Activity: The lines to copy run from the one containing "Femmes Fille Faux" to the very end of the records; give them exactly, and only them, without pictures.

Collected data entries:
· · · · · · ·

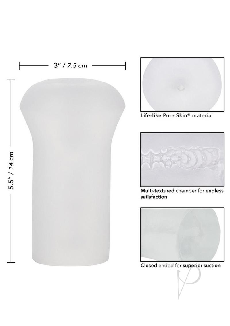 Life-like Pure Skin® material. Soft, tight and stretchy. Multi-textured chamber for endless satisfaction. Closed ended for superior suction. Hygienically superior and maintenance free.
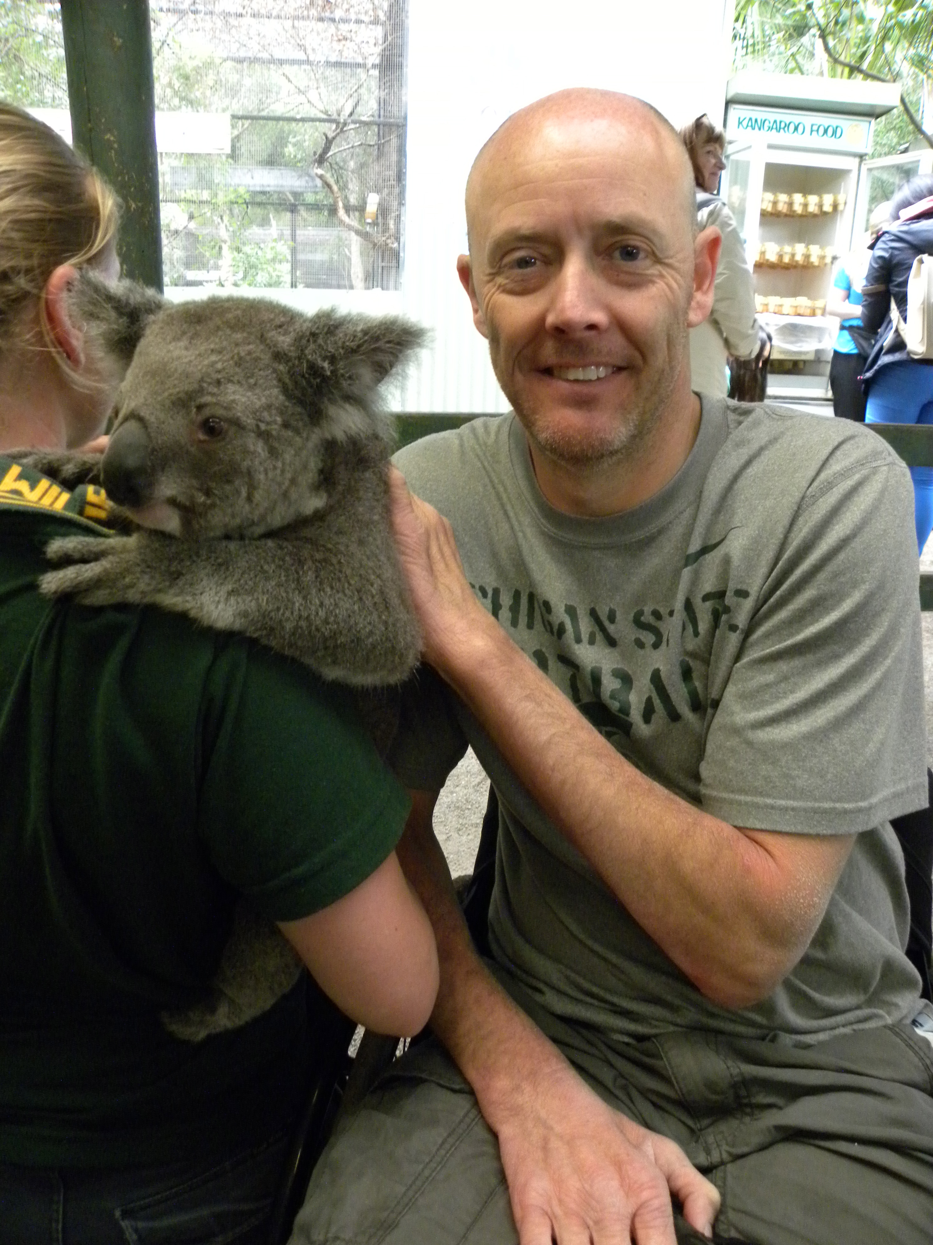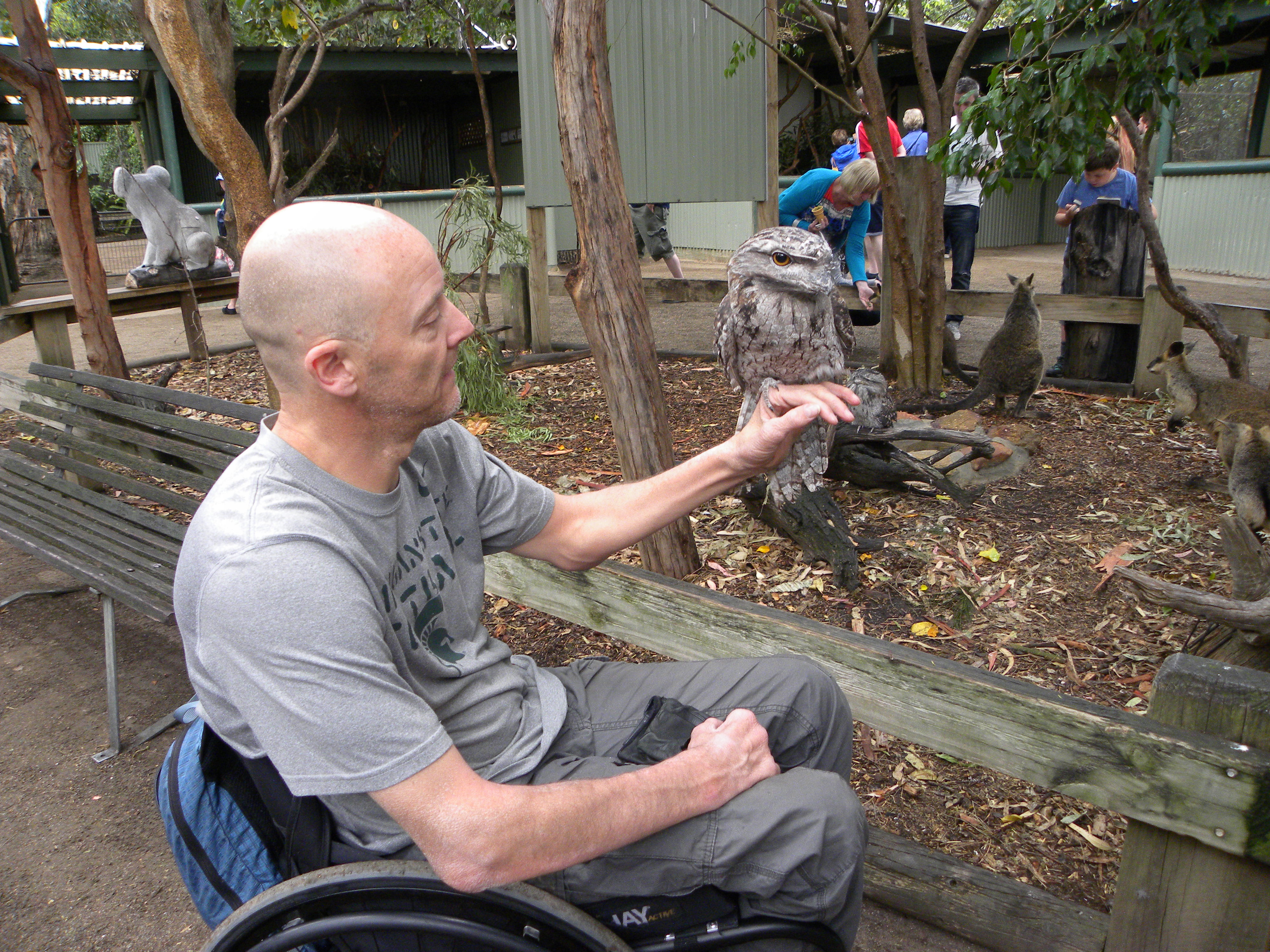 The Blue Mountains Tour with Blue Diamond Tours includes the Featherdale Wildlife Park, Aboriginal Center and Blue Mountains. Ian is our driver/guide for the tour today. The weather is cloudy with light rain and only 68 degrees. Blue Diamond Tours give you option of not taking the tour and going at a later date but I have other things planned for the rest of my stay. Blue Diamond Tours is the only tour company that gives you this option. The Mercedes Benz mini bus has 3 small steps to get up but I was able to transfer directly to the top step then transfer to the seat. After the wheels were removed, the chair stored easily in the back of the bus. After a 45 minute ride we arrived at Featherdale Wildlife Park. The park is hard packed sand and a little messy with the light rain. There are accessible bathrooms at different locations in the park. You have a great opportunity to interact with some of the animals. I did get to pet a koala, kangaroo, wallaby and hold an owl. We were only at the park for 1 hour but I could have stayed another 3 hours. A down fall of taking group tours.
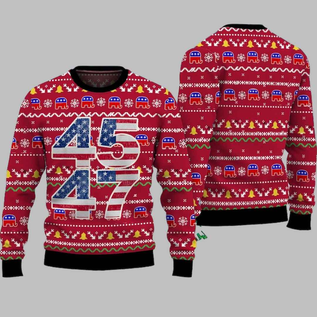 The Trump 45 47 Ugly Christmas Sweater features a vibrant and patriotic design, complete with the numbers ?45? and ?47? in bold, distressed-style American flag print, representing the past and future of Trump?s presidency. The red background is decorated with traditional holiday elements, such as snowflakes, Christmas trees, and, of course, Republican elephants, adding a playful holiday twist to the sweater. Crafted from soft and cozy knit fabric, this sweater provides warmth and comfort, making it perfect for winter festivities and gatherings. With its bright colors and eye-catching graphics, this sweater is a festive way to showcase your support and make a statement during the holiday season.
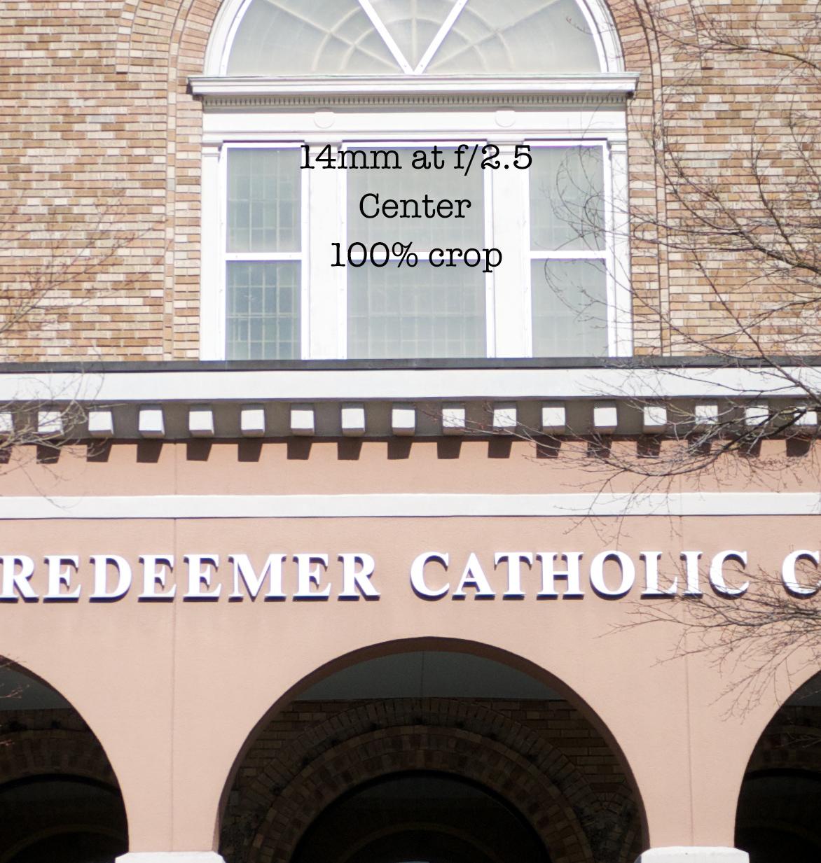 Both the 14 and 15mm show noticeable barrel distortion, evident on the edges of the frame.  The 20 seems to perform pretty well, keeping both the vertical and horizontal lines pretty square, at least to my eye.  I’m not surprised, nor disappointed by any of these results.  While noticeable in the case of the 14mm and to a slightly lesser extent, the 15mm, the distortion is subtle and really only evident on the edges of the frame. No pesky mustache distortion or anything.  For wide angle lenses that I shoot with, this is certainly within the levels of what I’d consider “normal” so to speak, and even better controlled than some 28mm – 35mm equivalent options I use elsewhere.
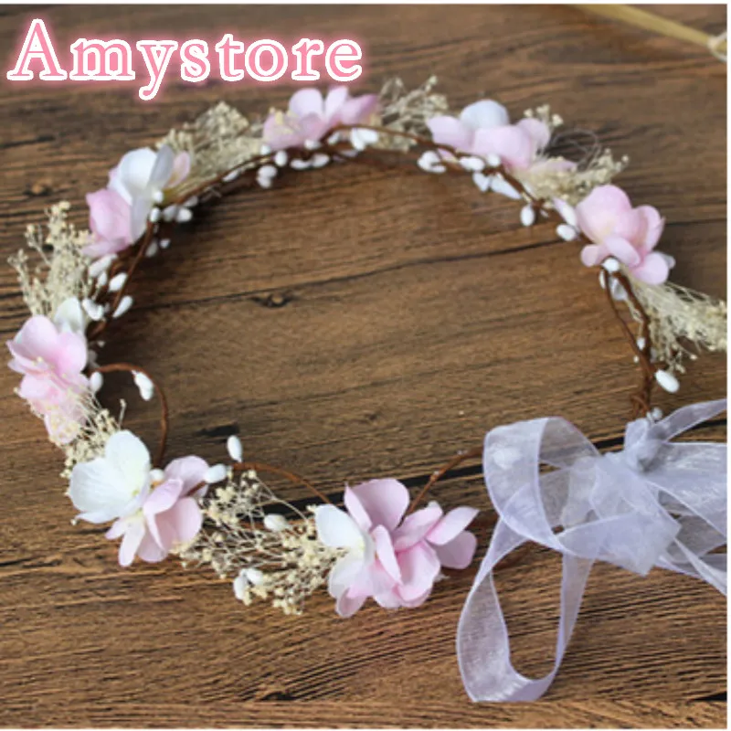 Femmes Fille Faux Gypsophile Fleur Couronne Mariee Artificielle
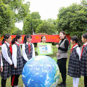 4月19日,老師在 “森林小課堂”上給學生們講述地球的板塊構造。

· · · · · · ·

Output:
 Femmes Fille Faux Gypsophile Fleur Couronne Mariee Artificielle
 4月19日,老師在 “森林小課堂”上給學生們講述地球的板塊構造。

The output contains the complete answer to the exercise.